- _WHAT THIS TASK INVOLVES_:
So that the copy stays text only, transcribe the data below exactly and exclude the images.

- _EXCERPTED RECORDS_:
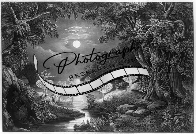 The Fairie's home,Magic,Moonlight,Wooded Area,River,Night Time,c1868
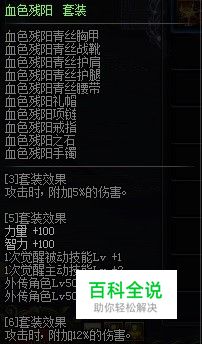 血色残阳(兰总): 兰总是一套很受搬砖玩家欢迎的远古套,提供大量的攻速、移速和释放速度,最重要的是,兰总5件防具都提供 独立攻击力加成。 6件有17%附加伤害加成(白字),加技能又增加100点力量。 只推荐兰总6
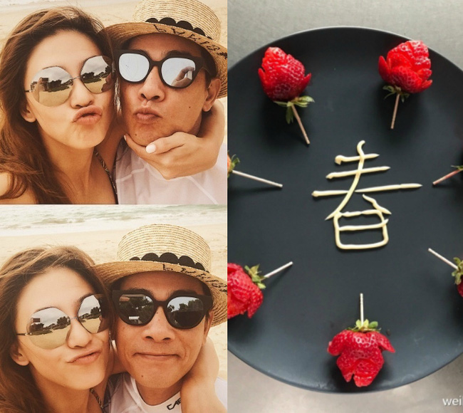 | Hai vợ chồng Trần Tiểu Xuân - Ứng Thái Nhi quyết định đi biển nghỉ ngơi, kỷ niệm 7 năm kết hôn. Cô nàng trổ tài tỉa dâu tây thành 7 bông hoa hồng nhỏ, còn dùng phomai viết tên chồng "Xuân" bày biện trang trí |
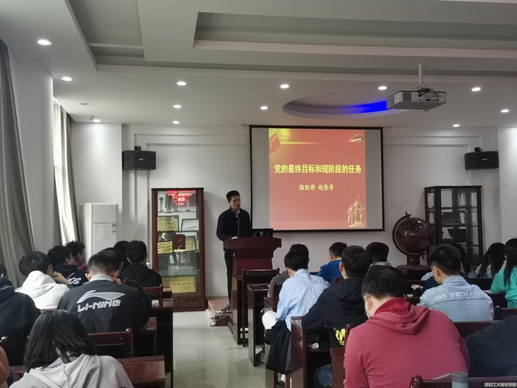 本次党课培训的主题是“党的最终目标和现阶段的任务”。会议伊始,赵伟奇老师先以解读党的纲领介绍了党的最高理想——实现共产主义;其次,赵伟奇老师讲解了党的最终目标是实现共产主义社会,并且说明了“共产主义社会基本特征”和“共产主义发展途径”两项内容。会议最后,赵伟奇老师结合自身事例为大家介绍了党的现阶段任务。党课培训会上,每一位入党积极分子都全神贯注地听讲,认真地记录笔记。
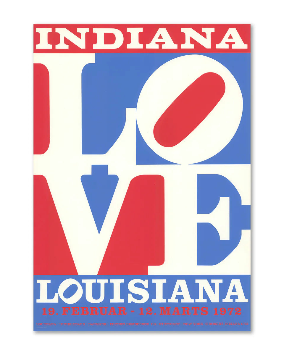 Anniversary poster with the work, Love , (1972) by the American artist, Robert Indiana, (1928-2018). The work was originally reproduced on the exhibition poster in connection with the Louisiana exhibition of Indiana in 1972. With razor-sharp precision, bright colors and template-like reproduction of words such as EAT, KILL and, as here, LOVE, Robert Indiana cast a critical light on American society.
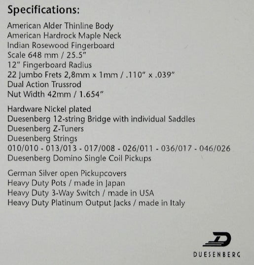The Duesenberg Caribou 12-string is a chambered, solidbody electric guitar with a unique "Cat Eye" F-hole, featuring a one-piece Maple neck, solid Alder body, and a dual-pickup configuration of Duesenberg Domino P90s. It incorporates Duesenberg's "Diamond Deluxe" tremolo system, a Plek'd fretboard for superior playability, and distinctive cream binding around the body and neck. The chambered construction and dual P90s provide a classic, jangly tone ideal for the 12-string format, offering versatile sounds from mellow to aggressive.
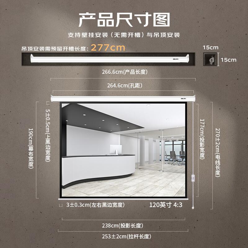 得力50493电动投影幕布(120英寸4:3)(白)(单位:副)

- _ANSWER FOR THE TASK_:
 The Fairie's home,Magic,Moonlight,Wooded Area,River,Night Time,c1868
 血色残阳(兰总): 兰总是一套很受搬砖玩家欢迎的远古套,提供大量的攻速、移速和释放速度,最重要的是,兰总5件防具都提供 独立攻击力加成。 6件有17%附加伤害加成(白字),加技能又增加100点力量。 只推荐兰总6
 | Hai vợ chồng Trần Tiểu Xuân - Ứng Thái Nhi quyết định đi biển nghỉ ngơi, kỷ niệm 7 năm kết hôn. Cô nàng trổ tài tỉa dâu tây thành 7 bông hoa hồng nhỏ, còn dùng phomai viết tên chồng "Xuân" bày biện trang trí |
 本次党课培训的主题是“党的最终目标和现阶段的任务”。会议伊始,赵伟奇老师先以解读党的纲领介绍了党的最高理想——实现共产主义;其次,赵伟奇老师讲解了党的最终目标是实现共产主义社会,并且说明了“共产主义社会基本特征”和“共产主义发展途径”两项内容。会议最后,赵伟奇老师结合自身事例为大家介绍了党的现阶段任务。党课培训会上,每一位入党积极分子都全神贯注地听讲,认真地记录笔记。
 Anniversary poster with the work, Love , (1972) by the American artist, Robert Indiana, (1928-2018). The work was originally reproduced on the exhibition poster in connection with the Louisiana exhibition of Indiana in 1972. With razor-sharp precision, bright colors and template-like reproduction of words such as EAT, KILL and, as here, LOVE, Robert Indiana cast a critical light on American society.
The Duesenberg Caribou 12-string is a chambered, solidbody electric guitar with a unique "Cat Eye" F-hole, featuring a one-piece Maple neck, solid Alder body, and a dual-pickup configuration of Duesenberg Domino P90s. It incorporates Duesenberg's "Diamond Deluxe" tremolo system, a Plek'd fretboard for superior playability, and distinctive cream binding around the body and neck. The chambered construction and dual P90s provide a classic, jangly tone ideal for the 12-string format, offering versatile sounds from mellow to aggressive.
 得力50493电动投影幕布(120英寸4:3)(白)(单位:副)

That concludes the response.